– Мне от тебя тоже ничего не надо, – усмехается Радзинский, протягивая Николаю полотенце. – И я тоже счастлив просто от того, что ты есть на этом свете, – многозначительно хмыкает он.

– Да-а-а? – В глазах Николая прыгают искорки смеха. – Ничего, что я испачкаю казённое полотенце? – он нерешительно вытирает руки о махровую ткань, которая немедленно превращается в малопривлекательную тряпку. – Это сейчас было признание в любви? – Он с интересом разглядывает своего попутчика. – Я тронут. Ничего, что я странный? Что иногда отрубаюсь на пару суток? Что я полный ноль в житейских делах?

– Ты кашу умеешь варить, – невозмутимо возражает Радзинский. Вальяжно раскинувшись на подушках, он полулежит, упираясь затылком в стену, и лениво следит за хрупким аспирантом.

– И это все мои достоинства? – Николай вдруг таким острым взглядом обводит фигуру сидящего напротив Радзинского – его широкие плечи и могучую грудь, его тяжёлую руку, расслабленно лежащую на одеяле – что тот невольно подбирается, будто почуяв опасность.

А Николай продолжает изучать его лицо. И Радзинскому кажется, что он чувствует аккуратные прикосновения – к своим волосам, ко лбу, и как кто-то словно пальцем проводит, очерчивая выразительно изогнутую бровь, и горячую ладонь на щеке.
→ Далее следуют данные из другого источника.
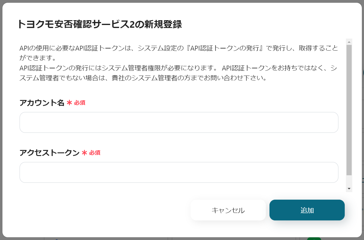 ・kintone、トヨクモ安否確認サービス2のそれぞれとYoomを連携してください。
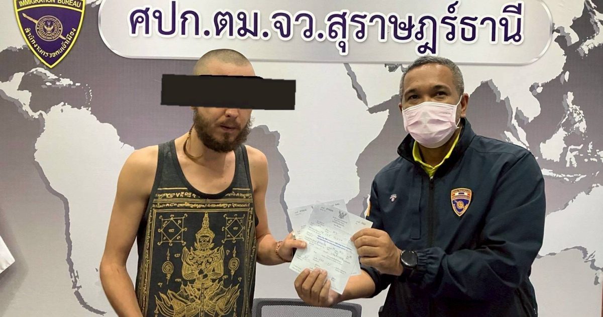 วันที่ 22 เม.ย.2568 เวลา 17.50 น. พ.ต.ท.หญิงสงวนทรัพย์ ลาภสนอง สว.ตม.จว.สุราษฎร์ธานี ร.ต.อ.สิริวัฒน์ สมหวัง รอง สว.ตม.จว.สุราษฎร์ธานี พร้อมเจ้าหน้าที่ชุดสืบสวนฯ ชป.4 (เกาะพะงัน)ได้จับกุม สัญชาติรัสเซีย
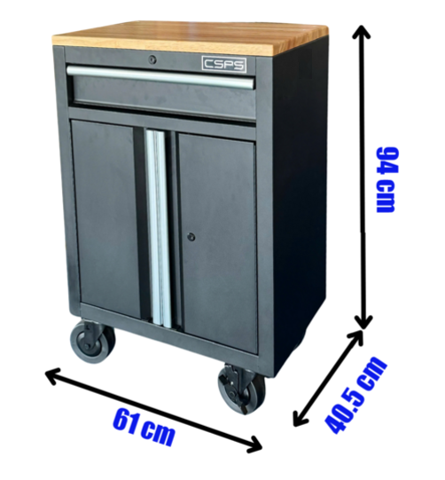Tủ dụng cụ CSPS 61cm - 01 hộc kéo màu đen bánh xe ván gỗ (tay cầm trắng)
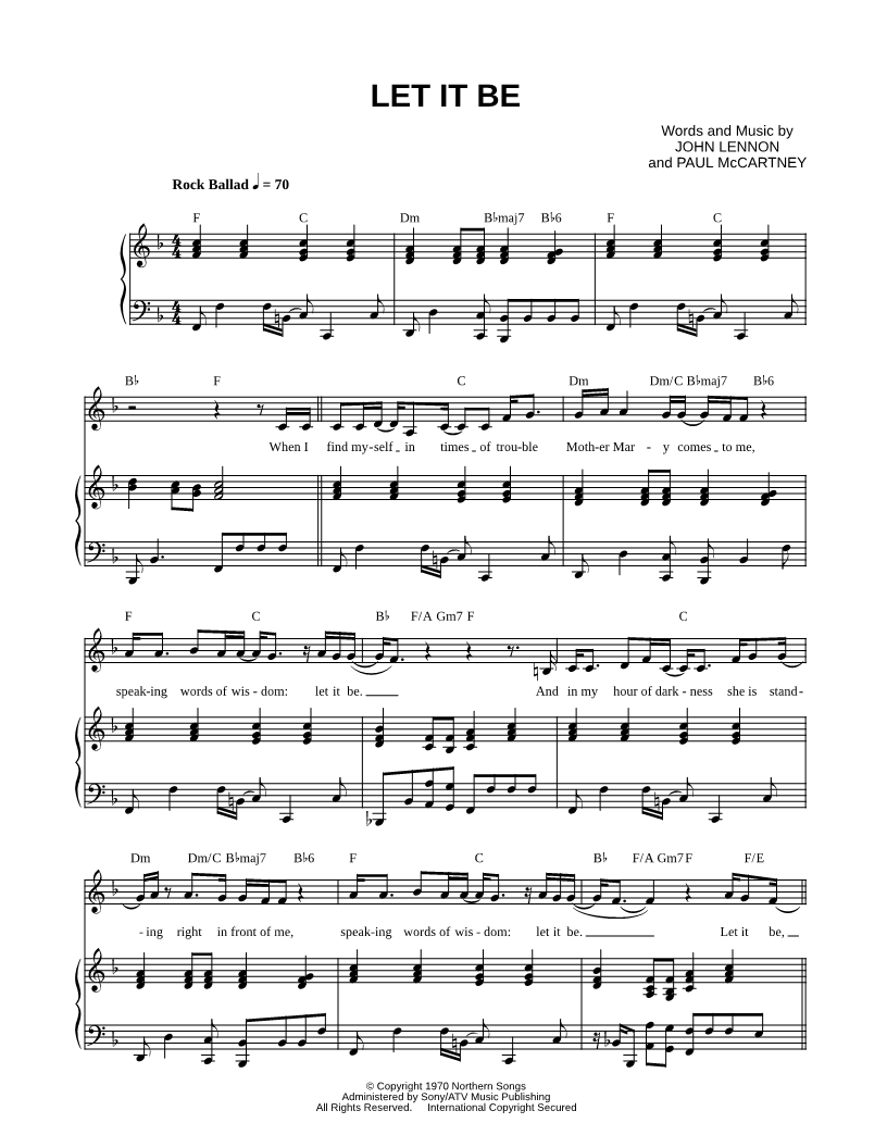 When I find myself in times of trouble Mother Mary comes to me, speaking words of wisdom let it be. |
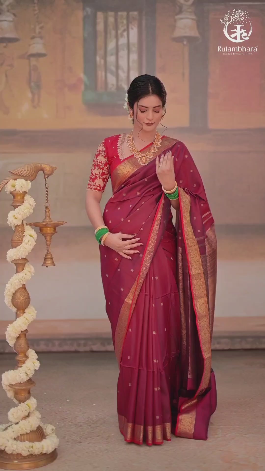 Eevara Burgundy Maroon Kancheevaram Heirloom Silk Saree with medium pure zari border A beautiful and authentic Kanjivaram heirloom saree with small annapakshi woven borders on both sides.These sarees are handwoven with 4 ply and 8 twist pure silk yarn with the traditional kanjivaram weaving techniques.
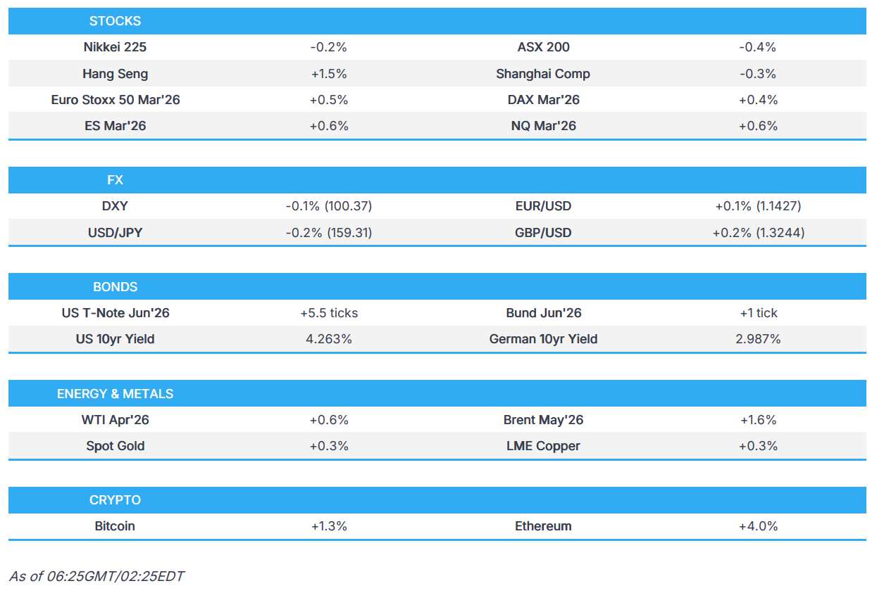 - US stocks saw further pressure on Friday as geopolitics continued to dominate, hitting risk sentiment. Sectors were more split with haven sectors (Utilities and Staples) outperforming alongside Energy, while Tech, Materials and Communications were the notable laggards. Oil prices saw further gains with Brent settling above USD 100/bbl for the second consecutive session despite more reports of Indian tankers sailing through the Hormuz. Aside from geopolitics, the focus was on a plethora of US data. January PCE was largely in line, aside from Core Y/Y, while the 2nd estimate of Q4 GDP was revised to show growth of just 0.7%, below the initial estimate of 1.4%. Durable Goods disappointed, while JOLTS offered a glimmer of hope, but analysts did highlight that there were signs of AI disruption. The UoM report saw a slight beat with mixed components and mixed inflation expectations.

– Это довольная простая техника, – улыбается Николай. – Для Вас, по крайней мере. Пардон – для тебя, – смеётся он. – Так что можешь освоить. Тот, кому ничего не надо, получает всё! – торжественно воздевает он руки. И вздыхает. – Жаль, что я так мало могу тебе дать. Взамен твоей горячей бескорыстной любви…

***

Аверин спит. Слегка приоткрыв рот, он прижался щекой к подушке – беззащитный и трогательный, как ребёнок. Радзинский проверяет, не дует ли ему от окна, символически поправляет одеяло и садится напротив. Некоторое время он развлекается тем, что разглядывает через стенку, что делают пассажиры в соседнем купе. Аверин оказался очень щедр и весь день показывал своему названому брату, что можно делать взглядом. В частности, учил его смотреть сквозь стены.
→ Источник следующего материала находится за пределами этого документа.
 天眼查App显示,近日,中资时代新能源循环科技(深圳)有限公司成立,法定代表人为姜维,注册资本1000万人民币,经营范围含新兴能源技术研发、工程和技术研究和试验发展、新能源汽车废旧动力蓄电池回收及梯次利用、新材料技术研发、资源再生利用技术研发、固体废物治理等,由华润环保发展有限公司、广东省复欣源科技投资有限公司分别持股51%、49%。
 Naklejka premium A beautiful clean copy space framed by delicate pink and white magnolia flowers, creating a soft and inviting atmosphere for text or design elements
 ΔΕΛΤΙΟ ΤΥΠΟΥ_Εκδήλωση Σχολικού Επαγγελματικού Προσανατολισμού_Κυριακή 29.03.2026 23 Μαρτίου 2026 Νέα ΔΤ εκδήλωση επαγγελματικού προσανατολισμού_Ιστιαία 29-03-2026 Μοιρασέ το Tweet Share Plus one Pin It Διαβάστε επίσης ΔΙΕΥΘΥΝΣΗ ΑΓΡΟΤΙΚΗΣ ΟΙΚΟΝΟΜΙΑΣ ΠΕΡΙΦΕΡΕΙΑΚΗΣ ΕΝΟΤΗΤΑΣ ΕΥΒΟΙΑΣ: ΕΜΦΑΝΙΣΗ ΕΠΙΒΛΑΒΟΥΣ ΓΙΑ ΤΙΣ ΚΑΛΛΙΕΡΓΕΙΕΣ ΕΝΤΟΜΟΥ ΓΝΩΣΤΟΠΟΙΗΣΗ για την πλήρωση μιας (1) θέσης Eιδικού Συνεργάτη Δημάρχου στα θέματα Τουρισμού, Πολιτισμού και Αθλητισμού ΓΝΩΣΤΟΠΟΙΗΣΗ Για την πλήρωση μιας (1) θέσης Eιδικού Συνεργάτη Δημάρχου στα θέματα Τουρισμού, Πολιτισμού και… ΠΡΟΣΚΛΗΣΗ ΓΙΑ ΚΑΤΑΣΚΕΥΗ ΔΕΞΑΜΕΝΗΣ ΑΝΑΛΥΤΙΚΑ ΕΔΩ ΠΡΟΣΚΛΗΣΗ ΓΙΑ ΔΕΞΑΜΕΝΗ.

Радзинский также довольно быстро освоил технику прикосновения, и некоторое время отрабатывал своё новое умение на Николае. Тот, правда, терпел недолго и уже через пять минут бесстрастно посоветовал Радзинскому поработать над своей сексуальной сферой – мол, его касания слишком чувственные и после них хочется умыться. «Холодной водой?» – съехидничал уязвлённый Радзинский и первый раз в своей жизни получил бесконтактную, но вполне ощутимую пощёчину.

Аспирант потом, конечно, долго извинялся, опять корил себя за несдержанность и наотрез отказался научить Радзинского такому полезному навыку – ведь это плохо.

Вообще, Николай крайне пренебрежительно отзывался о ценности подобных техник, а тех, кто ими увлекается, называл коллекционерами, иногда – циркачами. «Это не делает тебя ближе к Богу» – качал он головой. На что Радзинский соглашался – мол, да, можно быть вообще неверующим и при этом эффектно топтаться голыми пятками по битому стеклу и даже исцелять наложением рук. Он вопросительно смотрел на Аверина, ожидая, что тот продолжит развивать эту тему, но тот всегда ограничивался одним и тем же лаконичным аргументом, после чего отводил взгляд и замолкал. Радзинского посещало при этом знакомое чувство, что он снова упирается в стеклянную на этот раз стену, и искренне не понимал, что от него требуется, чтобы преодолеть эту прозрачную преграду.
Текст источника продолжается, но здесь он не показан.